MCLNugget: George Nurse ONCAR. v. George-Nurse, 2018 ONCA 515 (CanLII)
R v George-Nurse, 2018 ONCA 515
Where the Crown’s case is entirely circumstantial in relation to an element of the offence (or the all of them), what if anything can a trier of fact do with the fact that an accused has not testified.
Where a case is entirely circumstantial, an inference of guilt must only be drawn if it is the only reasonable inference: see R v Villaroman, 2016 SCC 33. When assessing if there is another reasonable inference, the lack of evidence from the accused permits the court to reject innocent inferences – the “failure to testify negates the alternative inference” [para 32].
Where there is a “strong case to answer” the court is entitled to “consider the appellant’s failure to testify in assessing whether an innocent inference was available: Noble, at para. 103” [@35].
The Fine Print
There was a dissent – the matter is likely headed to the SCC. In dissent Hourigan JA offered the following:
The fact that the appellant did not testify to offer a plausible alternative version of events is of no assistance to the Crown in this case. Appellate courts may refer to an accused’s silence as indicative of an absence of an exculpatory explanation when considering an unreasonable verdict argument on appeal. However, the accused’s failure to testify is generally relevant only in cases where the Crown has adduced a compelling body of evidence: R. v. Noble, 1997 CanLII 388 (SCC),  1 S.C.R. 874, at para. 103.
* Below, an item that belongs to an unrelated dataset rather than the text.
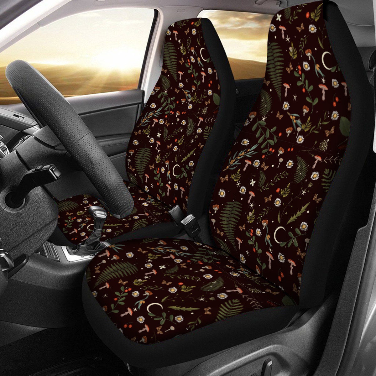 Black Mushroom Car Seat Cover Full Set, Cottagecore Seat Covers for...

In R. v. LePage, 1995 CanLII 123 (SCC),  1 S.C.R. 654, at paras. 29-30, a majority of the Supreme Court of Canada endorsed the following statement from R. v. Johnson (1993), 1993 CanLII 3376 (ON CA), 12 O.R. (3d) 340 (C.A.): “No adverse inference can be drawn if there is no case to answer. A weak prosecution's case cannot be strengthened by the failure of the accused to testify.” See also R. v. Hay, 2009 ONCA 398 (CanLII), 249 O.A.C. 24, at para. 37; and R. v. Tremble, 2017 ONCA 671 (CanLII), 354 C.C.C. (3d) 27, at para. 98.
Thus, while the jurisprudence makes clear that the accused’s failure to testify may be taken into account in assessing whether there is an innocent inference available, it would make little sense to factor in that failure when reasonable innocent explanations are already apparent by looking at the gaps in the Crown’s case. In the case at bar, the evidence against the appellant that he had counselled the SUV driver to shoot at Mr. Foster was weak. It would have been foolhardy for any competent defence lawyer to advise a client to testify in these circumstances. There was simply no need to call evidence to support an alternative version of events.